__Task__. Please restate word for word the lines of the entries below from the one with "图中这群穿土黄色军装的人叫英" to the one with "Hair Line Professional", inclusive, and leave out every picture.

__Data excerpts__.
□ □ □ □ □
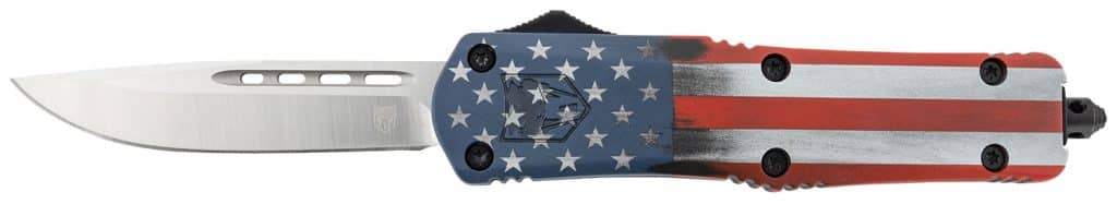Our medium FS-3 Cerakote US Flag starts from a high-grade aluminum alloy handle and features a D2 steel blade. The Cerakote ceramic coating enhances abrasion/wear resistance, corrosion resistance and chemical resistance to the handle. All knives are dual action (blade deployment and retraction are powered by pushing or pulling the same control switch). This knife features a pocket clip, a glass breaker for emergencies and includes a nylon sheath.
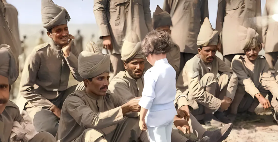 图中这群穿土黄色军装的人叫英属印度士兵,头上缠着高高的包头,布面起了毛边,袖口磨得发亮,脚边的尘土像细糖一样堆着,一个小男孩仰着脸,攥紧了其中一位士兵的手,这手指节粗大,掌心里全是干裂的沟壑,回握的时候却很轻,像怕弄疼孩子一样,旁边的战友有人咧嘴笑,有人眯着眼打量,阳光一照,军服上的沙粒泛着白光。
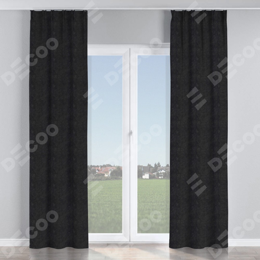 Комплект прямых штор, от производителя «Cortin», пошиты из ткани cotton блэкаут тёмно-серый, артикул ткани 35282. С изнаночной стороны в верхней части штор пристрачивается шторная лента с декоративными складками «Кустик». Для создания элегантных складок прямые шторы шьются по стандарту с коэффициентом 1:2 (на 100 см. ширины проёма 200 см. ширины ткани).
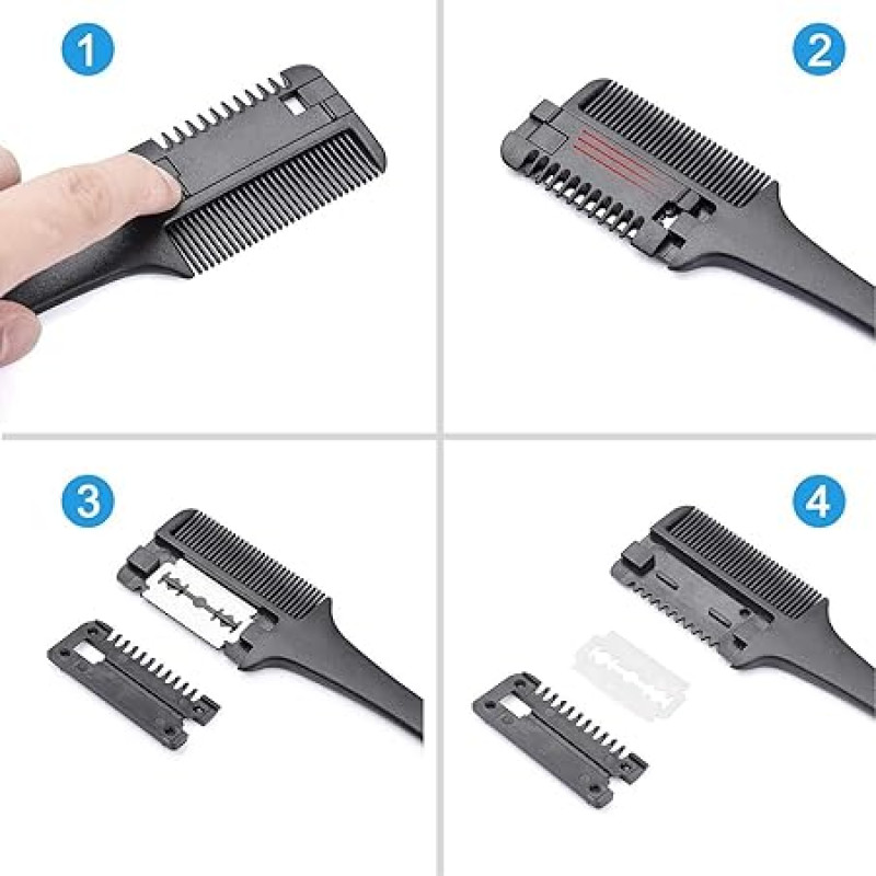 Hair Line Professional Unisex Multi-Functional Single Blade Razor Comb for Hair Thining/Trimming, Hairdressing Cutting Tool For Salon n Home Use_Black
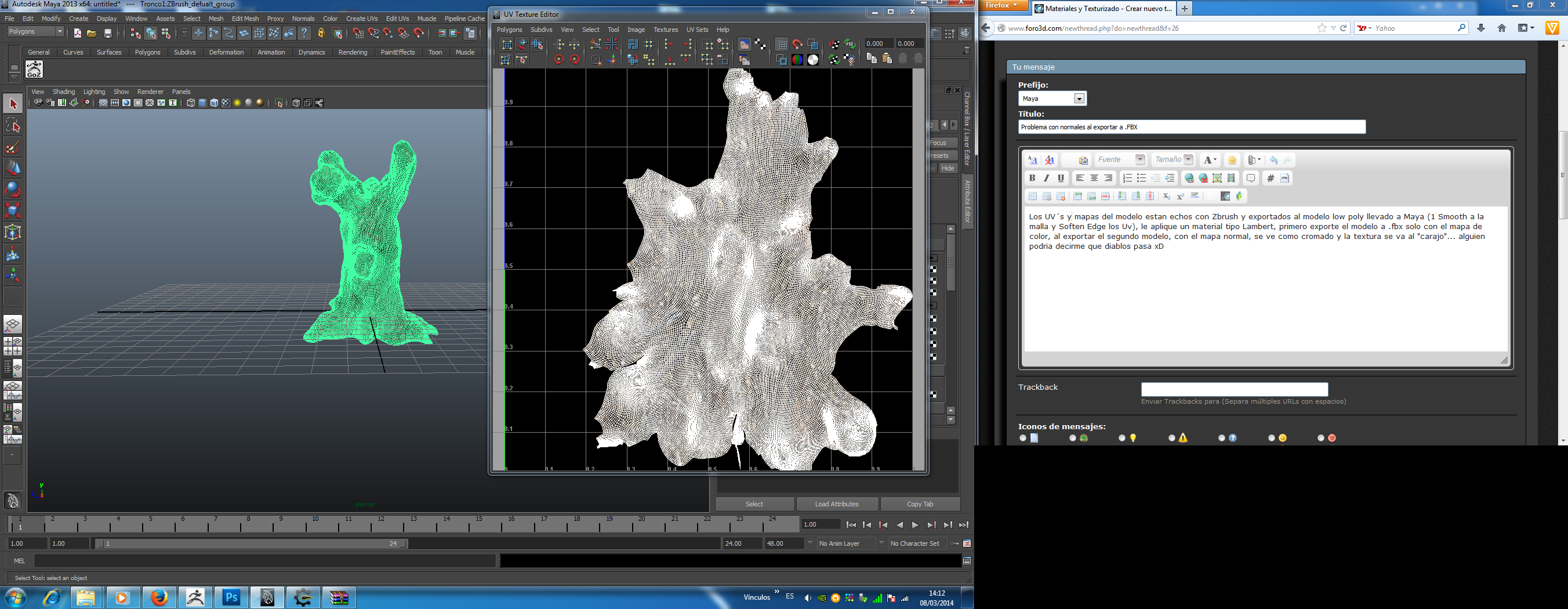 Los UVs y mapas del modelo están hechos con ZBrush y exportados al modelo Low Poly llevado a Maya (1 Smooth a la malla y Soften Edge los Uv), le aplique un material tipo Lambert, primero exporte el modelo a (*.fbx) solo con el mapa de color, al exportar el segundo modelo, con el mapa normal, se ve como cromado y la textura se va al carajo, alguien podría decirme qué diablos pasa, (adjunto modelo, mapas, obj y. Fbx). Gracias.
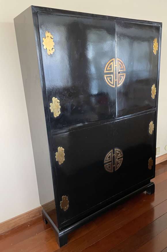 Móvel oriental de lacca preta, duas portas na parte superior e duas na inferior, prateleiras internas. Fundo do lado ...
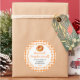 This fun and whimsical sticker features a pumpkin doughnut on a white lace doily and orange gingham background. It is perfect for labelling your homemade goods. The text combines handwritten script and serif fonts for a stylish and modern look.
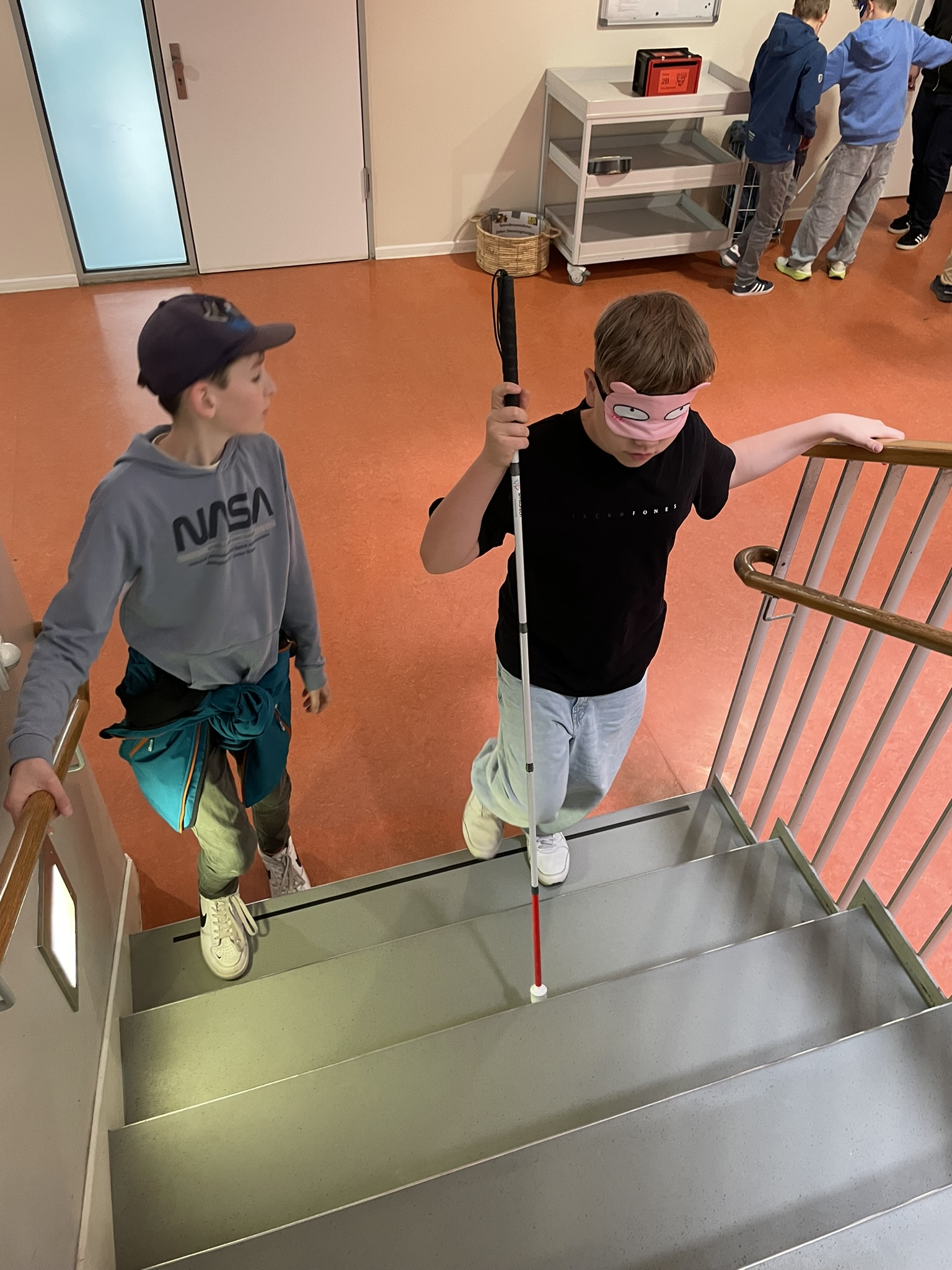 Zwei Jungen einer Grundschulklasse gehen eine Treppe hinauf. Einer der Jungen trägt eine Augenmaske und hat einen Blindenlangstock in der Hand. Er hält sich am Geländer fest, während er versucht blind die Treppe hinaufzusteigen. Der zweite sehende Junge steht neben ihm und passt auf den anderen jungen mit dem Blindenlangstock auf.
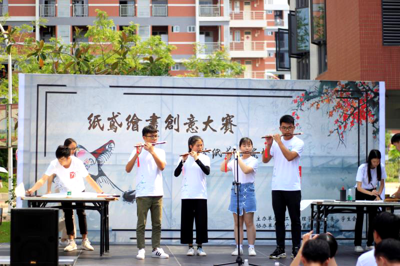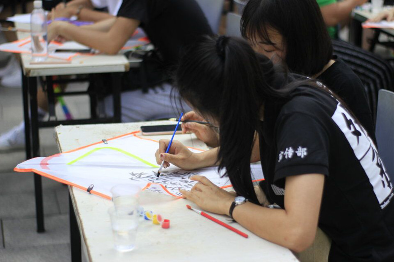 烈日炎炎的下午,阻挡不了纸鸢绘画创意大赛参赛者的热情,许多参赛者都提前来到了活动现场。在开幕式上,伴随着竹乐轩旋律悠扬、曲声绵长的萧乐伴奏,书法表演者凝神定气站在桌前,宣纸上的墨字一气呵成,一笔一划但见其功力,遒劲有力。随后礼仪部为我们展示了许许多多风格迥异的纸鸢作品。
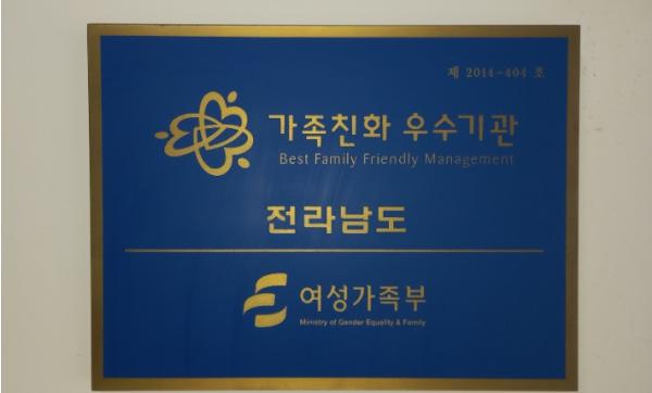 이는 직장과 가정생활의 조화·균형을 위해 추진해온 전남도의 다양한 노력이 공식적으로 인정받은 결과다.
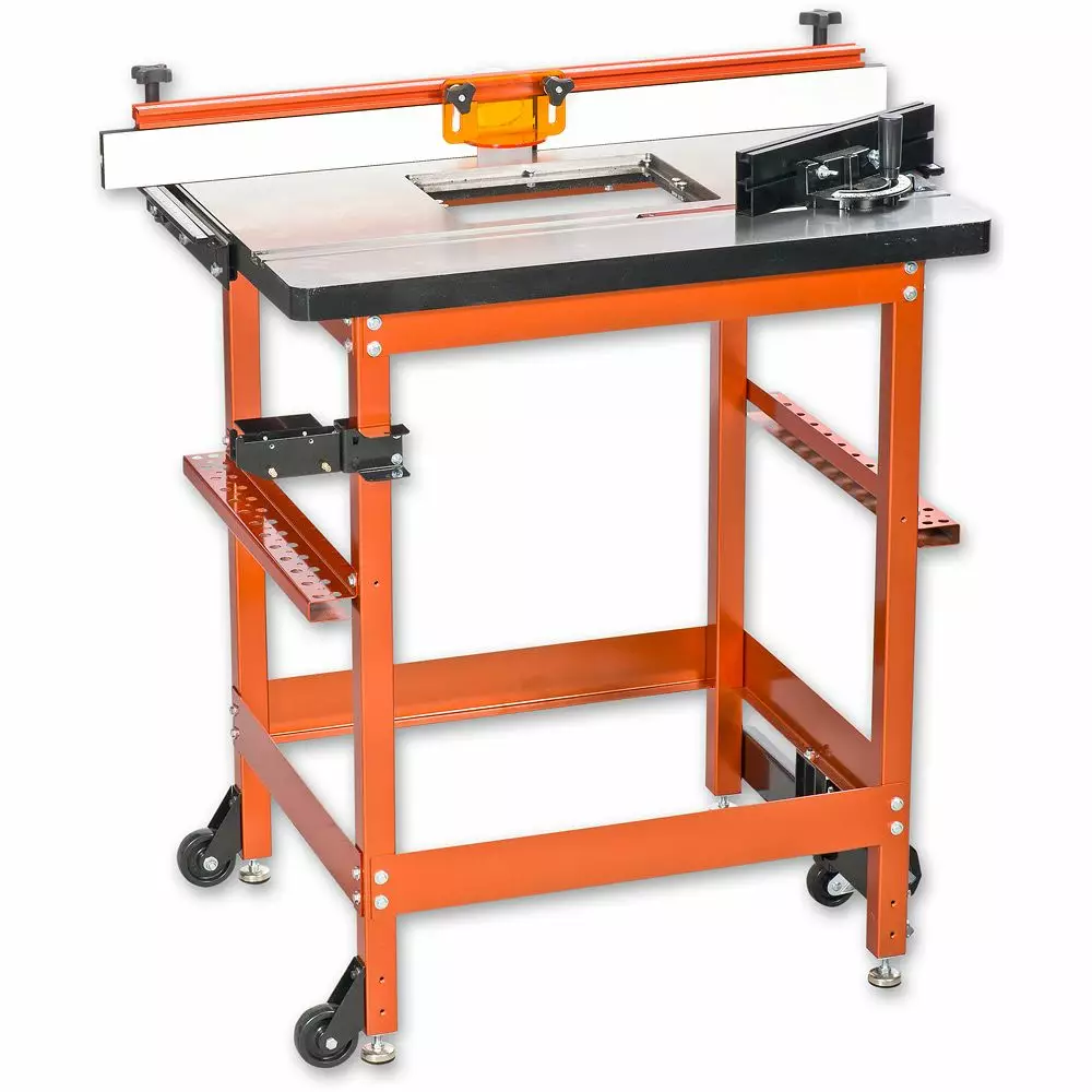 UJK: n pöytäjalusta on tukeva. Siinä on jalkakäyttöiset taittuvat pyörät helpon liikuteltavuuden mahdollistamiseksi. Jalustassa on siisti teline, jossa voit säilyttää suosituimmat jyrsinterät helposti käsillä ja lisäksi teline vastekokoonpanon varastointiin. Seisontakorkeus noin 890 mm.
□ □ □ □ □
__Answer__.
 图中这群穿土黄色军装的人叫英属印度士兵,头上缠着高高的包头,布面起了毛边,袖口磨得发亮,脚边的尘土像细糖一样堆着,一个小男孩仰着脸,攥紧了其中一位士兵的手,这手指节粗大,掌心里全是干裂的沟壑,回握的时候却很轻,像怕弄疼孩子一样,旁边的战友有人咧嘴笑,有人眯着眼打量,阳光一照,军服上的沙粒泛着白光。
 Комплект прямых штор, от производителя «Cortin», пошиты из ткани cotton блэкаут тёмно-серый, артикул ткани 35282. С изнаночной стороны в верхней части штор пристрачивается шторная лента с декоративными складками «Кустик». Для создания элегантных складок прямые шторы шьются по стандарту с коэффициентом 1:2 (на 100 см. ширины проёма 200 см. ширины ткани).
 Hair Line Professional Unisex Multi-Functional Single Blade Razor Comb for Hair Thining/Trimming, Hairdressing Cutting Tool For Salon n Home Use_Black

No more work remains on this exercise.